Retrieval-Augmented Generation (RAG) is a technique for building AI systems that lets a language model consult external documents before it answers a question. Instead of relying only on what was learned during training, a RAG pipeline first searches a knowledge base for passages relevant to the user's query, then feeds those passages to the model as context. The result is a generated response that is grounded in specific, citable sources rather than purely in the model's internal weights.
How Retrieval-Augmented Generation works
A typical RAG system has two main components: a retriever and a generator. The retriever is usually a vector search index built from a corpus of documents. When each document is added to the index, an embedding model converts its chunks into numerical vectors; the same model embeds the incoming user query, and a similarity search (commonly nearest-neighbor lookup using cosine or dot-product distance) returns the chunks whose vectors are closest to the query. The top-ranked chunks are then inserted into the prompt that is sent to the large language model, often alongside instructions such as “answer using only the provided context.”
For example, if a user asks an internal company assistant “What is our parental leave policy?”, the retriever finds the relevant section of the employee handbook, and the language model uses those passages to compose a precise answer that quotes the policy. This pattern, introduced in the 2020 paper by Lewis et al. at Facebook AI Research, separates knowledge (stored in the index) from reasoning (performed by the model), which is why the approach scales well as source material changes.
Why it matters
RAG addresses three persistent problems with standalone language models. First, it reduces hallucinations because the model is anchored to retrieved text rather than improvising. Second, it lets a system reflect information that did not exist, or that has changed, since the model's training cutoff, simply by updating the index. Third, it makes the model's answers more verifiable: developers and users can inspect the retrieved chunks, cite them, and trace any claim back to a source document.
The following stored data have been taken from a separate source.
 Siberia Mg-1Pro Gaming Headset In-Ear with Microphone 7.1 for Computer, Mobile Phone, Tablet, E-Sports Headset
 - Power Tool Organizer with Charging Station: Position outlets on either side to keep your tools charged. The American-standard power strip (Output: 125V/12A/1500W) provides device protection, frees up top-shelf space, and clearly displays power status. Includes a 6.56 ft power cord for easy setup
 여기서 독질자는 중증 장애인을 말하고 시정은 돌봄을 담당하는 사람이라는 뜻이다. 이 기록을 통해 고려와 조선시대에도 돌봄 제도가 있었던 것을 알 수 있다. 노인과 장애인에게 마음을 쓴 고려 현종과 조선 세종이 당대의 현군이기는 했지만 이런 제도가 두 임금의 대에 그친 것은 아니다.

These properties make RAG the default pattern for enterprise question answering, customer support copilots, legal and compliance search, and AI assistants that need to operate over private or proprietary data without retraining the underlying model.
Key types and patterns
- Naive (or “Retrieve-and-Read”) RAG: a single retrieval step feeds the top-k chunks directly into the generator's prompt.
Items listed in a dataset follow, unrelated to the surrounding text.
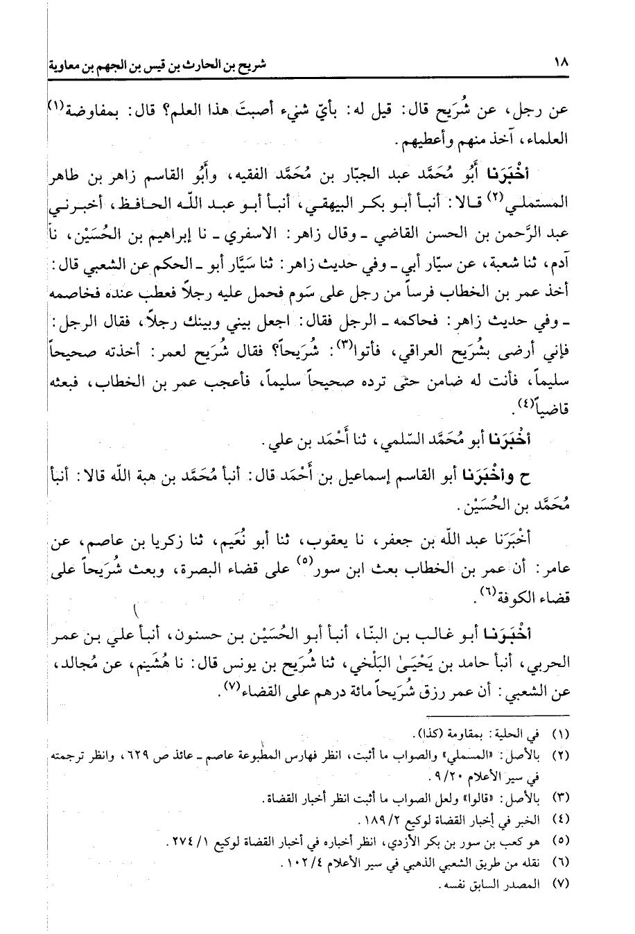 عن رجل عن شريح قال قيل له بأي شئ أصبت هذا العلم قال بمفاوضة (1) العلماء آخذ منهم وأعطيهم أخبرنا أبو محمد عبد الجبار بن محمد الفقيه وأبو القاسم زاهر بن طاهر المستملي (2) قالا أنبأ أبو بكر البيهقي أنبأ أبو عبد الله الحافظ أخبرني عبد الرحمن بن الحسن القاضي وقال زاهر الاسفري نا إبراهيم بن الحسين نا آدم ثنا شعبة عن سيار أبي وفي حديث زاهر ثنا سيار أبو الحكم عن الشعبي قال أخذ عمر بن الخطاب فرسا من رجل على سوم فحمل عليه رجلا فعطب عنده فخاصمه وفي حديث زاهر فحاكمه الرجل فقال اجعل بيني وبينك رجلا فقال الرجل فإني أرضى بشريح العراقي فأتوا (3) شريحا فقال شريح لعمر أخذته صحيحا سليما فأنت له ضامن حتى ترده صحيحا سليما فأعجب عمر بن الخطاب فبعثه قاضيا (4) أخبرنا أبو محمد السلمي ثنا أحمد بن علي ح وأخبرنا أبو القاسم إسماعيل بن أحمد قال أنبأ محمد بن هبة الله قالا أنبأ محمد بن الحسين أخبرنا عبد الله بن جعفر نا يعقوب ثنا أبو نعيم ثنا زكريا بن عاصم عن عامر أن عمر بن الخطاب بعث ابن سور (5) على قضاء البصرة وبعث شريحا على قضاء الكوفة (6) أخبرنا أبو غالب بن البنا أنبأ أبو الحسين بن حسنون أنبأ علي بن عمر الحربي أنبأ حامد بن يحيى البلخي ثنا شريح بن يونس قال نا هشيم عن مجالد عن الشعبي أن عمر رزق شريحا مائة درهم على القضاء (7)
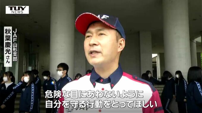 JAF山形支部・秋葉慶光さん「自転車を乗っている高校生も死角の部分はしっかり認識して頂いて危険な目に合わないように自分を守る行動をとって頂きたい」
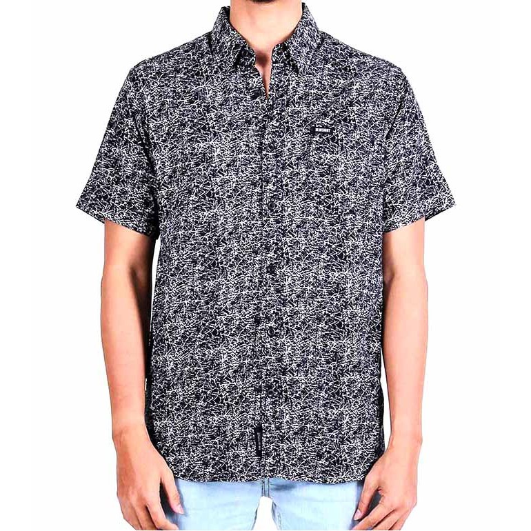 Insight Kemeja Pria Lengan Pendek Hitam Cross Over Shirt IS913104-BLK Planet Surf
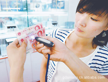 1、熒光 :使用時只要按住開關并將紫外光對準要辨別的鈔票,若是真鈔,則能清楚的看出其反射的明亮熒光圖或幣值
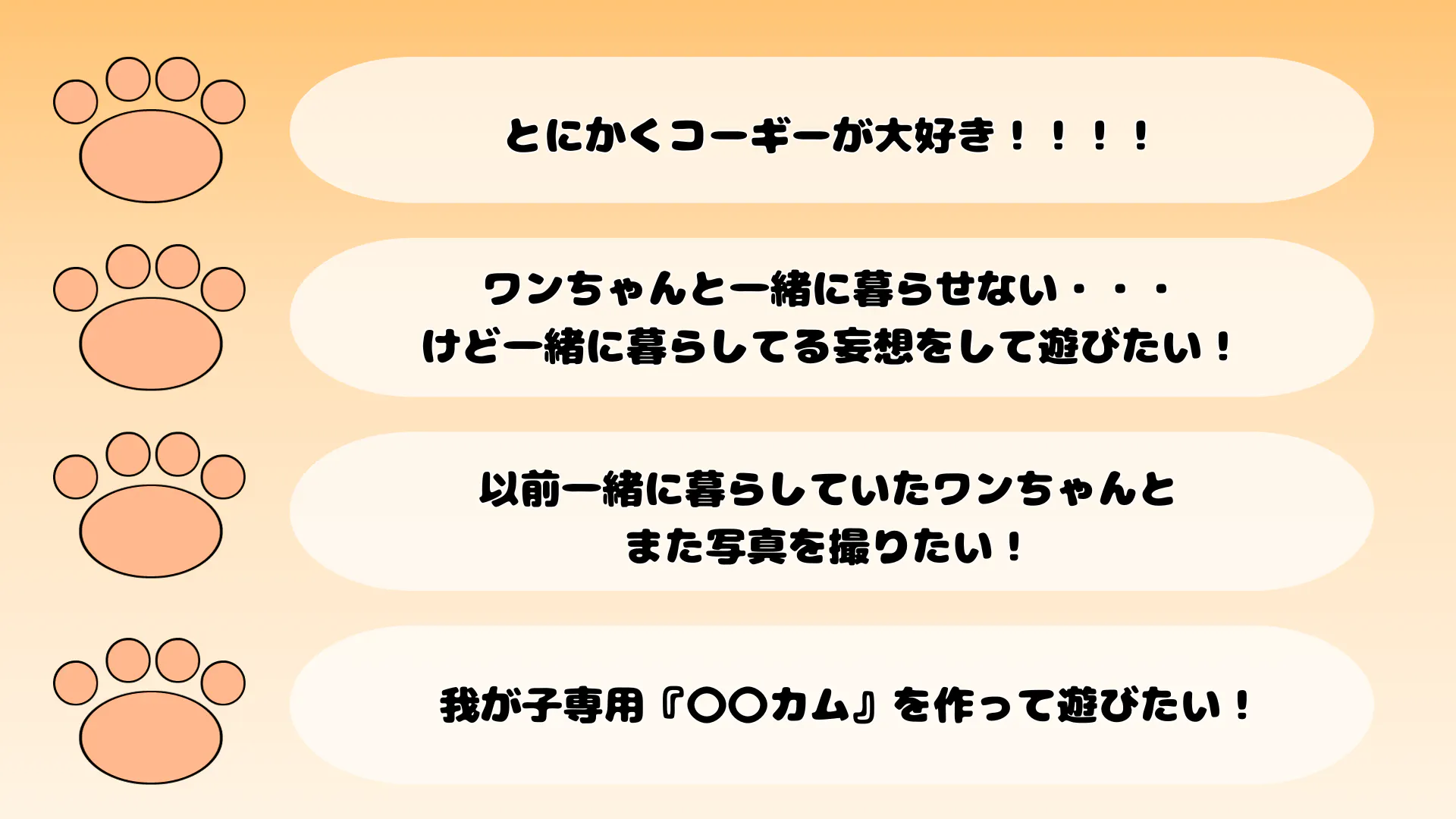 しかし溢れるコーギー愛を抑えきれず、一緒に暮らしている気持ちになれるアプリ『コギカム』を開発しました!

- Advanced RAG: adds query rewriting, re-ranking, and chunk-level filtering before generation to improve precision.
- Modular RAG: composes the pipeline from interchangeable components such as web search, SQL lookup, or API calls, and may loop between retrieval and generation.
- Graph RAG: builds a knowledge graph from the corpus and retrieves subgraphs of related entities, which can produce more contextual answers on connected data.
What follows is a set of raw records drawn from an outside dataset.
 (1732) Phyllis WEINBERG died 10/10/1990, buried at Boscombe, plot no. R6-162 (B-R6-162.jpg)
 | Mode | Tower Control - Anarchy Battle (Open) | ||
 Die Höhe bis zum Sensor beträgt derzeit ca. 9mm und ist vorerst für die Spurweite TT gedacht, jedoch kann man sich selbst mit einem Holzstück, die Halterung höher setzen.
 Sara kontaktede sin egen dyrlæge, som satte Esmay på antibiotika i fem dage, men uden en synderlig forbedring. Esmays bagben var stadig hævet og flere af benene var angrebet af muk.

- Agentic RAG: lets the language model decide when and what to retrieve, often across multiple tools, before producing a final answer.
By decoupling storage of knowledge from the reasoning engine, RAG has become a foundational building block for production AI applications that need to be accurate, current, and auditable. The original research is described in Lewis et al., “Retrieval-Augmented Generation for Knowledge-Intensive NLP Tasks” (2020), and current best practices are documented in frameworks such as LlamaIndex and LangChain.